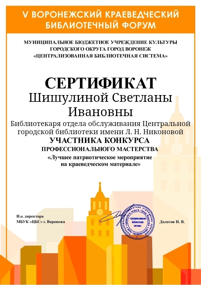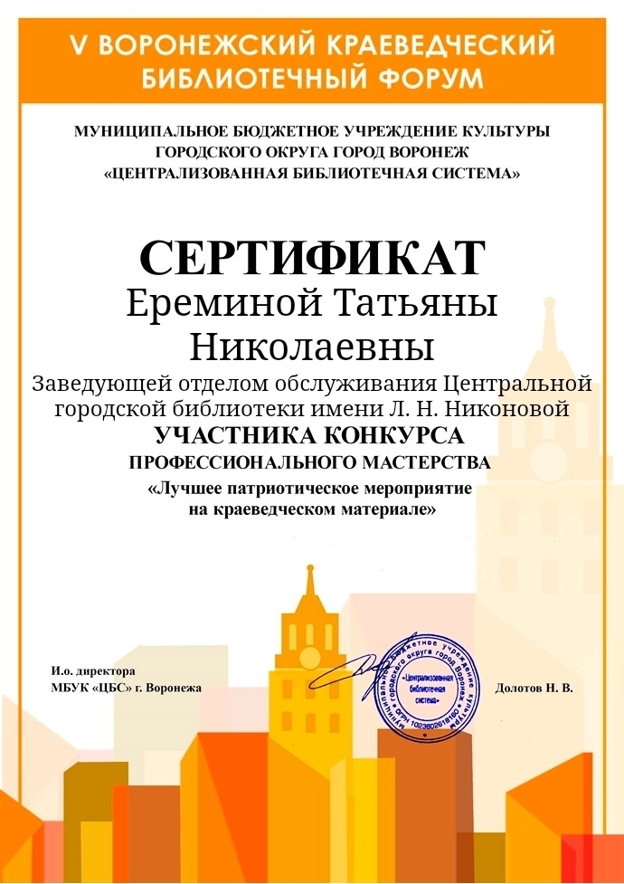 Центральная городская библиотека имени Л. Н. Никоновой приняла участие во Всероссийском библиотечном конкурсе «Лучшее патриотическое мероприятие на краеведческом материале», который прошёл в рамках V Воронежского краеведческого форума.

...

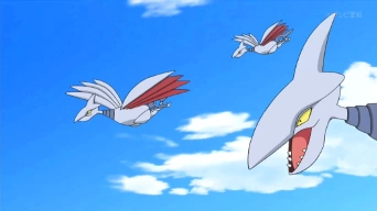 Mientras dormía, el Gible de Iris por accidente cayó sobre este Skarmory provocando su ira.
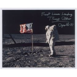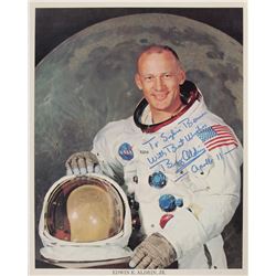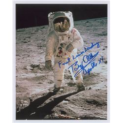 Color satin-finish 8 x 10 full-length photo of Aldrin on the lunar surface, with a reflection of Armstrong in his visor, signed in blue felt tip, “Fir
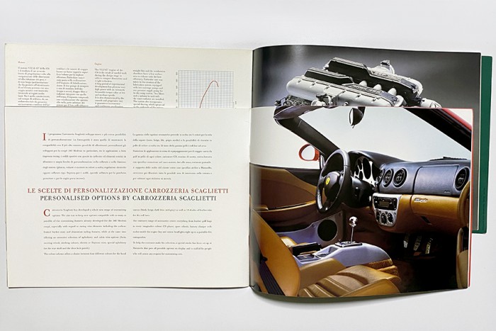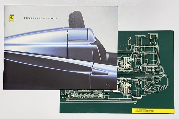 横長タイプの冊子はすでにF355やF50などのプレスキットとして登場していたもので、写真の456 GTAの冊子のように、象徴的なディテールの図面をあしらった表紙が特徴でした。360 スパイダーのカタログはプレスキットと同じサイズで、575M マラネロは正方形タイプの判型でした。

### [WHAT YOU ARE ASKED TO DO]
Lines from the one above containing "Mientras dormía, el" down to the one containing "Color satin-finish 8" should be transcribed exactly, with both ends kept and no pictures.

### [ANSWER]
 Mientras dormía, el Gible de Iris por accidente cayó sobre este Skarmory provocando su ira.
 Color satin-finish 8 x 10 full-length photo of Aldrin on the lunar surface, with a reflection of Armstrong in his visor, signed in blue felt tip, “Fir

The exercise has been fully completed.